» The task
Begin your transcription at the line containing "Using the Front" and continue it, word for word, to the final line below. Include only those lines and skip the pictures.

» Supplied material

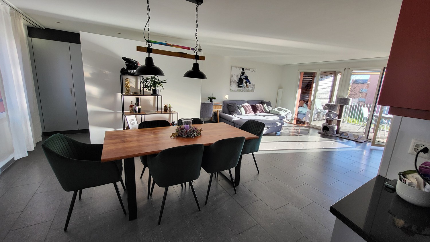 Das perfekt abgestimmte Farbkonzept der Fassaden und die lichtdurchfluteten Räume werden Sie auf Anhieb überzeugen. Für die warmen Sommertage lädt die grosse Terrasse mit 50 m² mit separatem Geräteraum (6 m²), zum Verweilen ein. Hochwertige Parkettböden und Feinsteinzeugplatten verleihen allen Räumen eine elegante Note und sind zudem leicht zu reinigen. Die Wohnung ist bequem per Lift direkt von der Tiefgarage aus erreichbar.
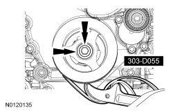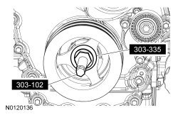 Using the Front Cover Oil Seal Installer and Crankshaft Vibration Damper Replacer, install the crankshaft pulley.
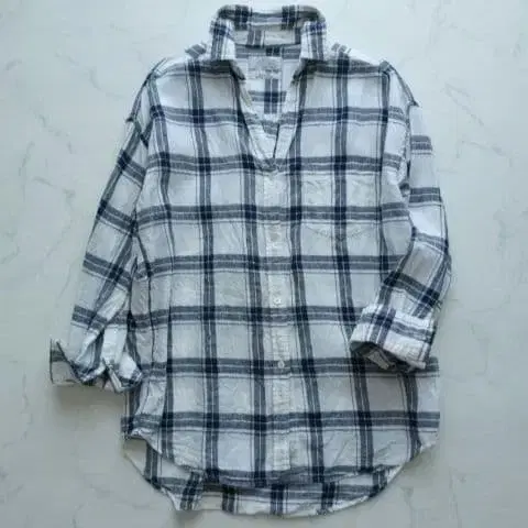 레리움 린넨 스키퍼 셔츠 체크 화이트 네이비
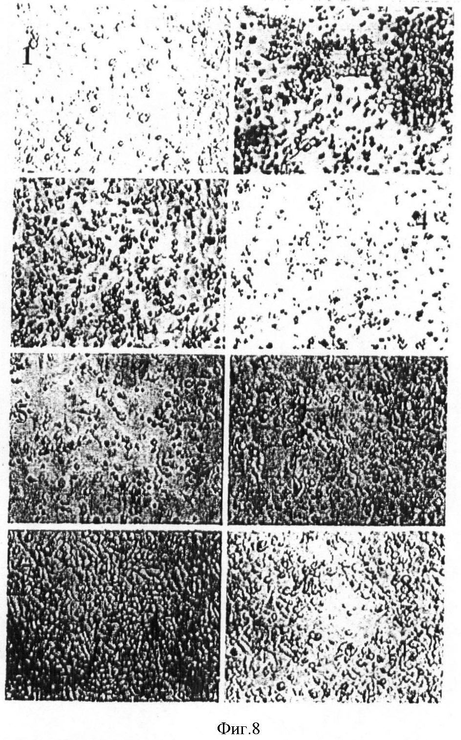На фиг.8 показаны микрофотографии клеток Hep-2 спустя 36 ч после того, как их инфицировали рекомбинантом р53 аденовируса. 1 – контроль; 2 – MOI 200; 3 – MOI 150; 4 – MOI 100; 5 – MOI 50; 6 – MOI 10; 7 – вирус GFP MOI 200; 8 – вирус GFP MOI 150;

» Exercise output
 Using the Front Cover Oil Seal Installer and Crankshaft Vibration Damper Replacer, install the crankshaft pulley.
 레리움 린넨 스키퍼 셔츠 체크 화이트 네이비
На фиг.8 показаны микрофотографии клеток Hep-2 спустя 36 ч после того, как их инфицировали рекомбинантом р53 аденовируса. 1 – контроль; 2 – MOI 200; 3 – MOI 150; 4 – MOI 100; 5 – MOI 50; 6 – MOI 10; 7 – вирус GFP MOI 200; 8 – вирус GFP MOI 150;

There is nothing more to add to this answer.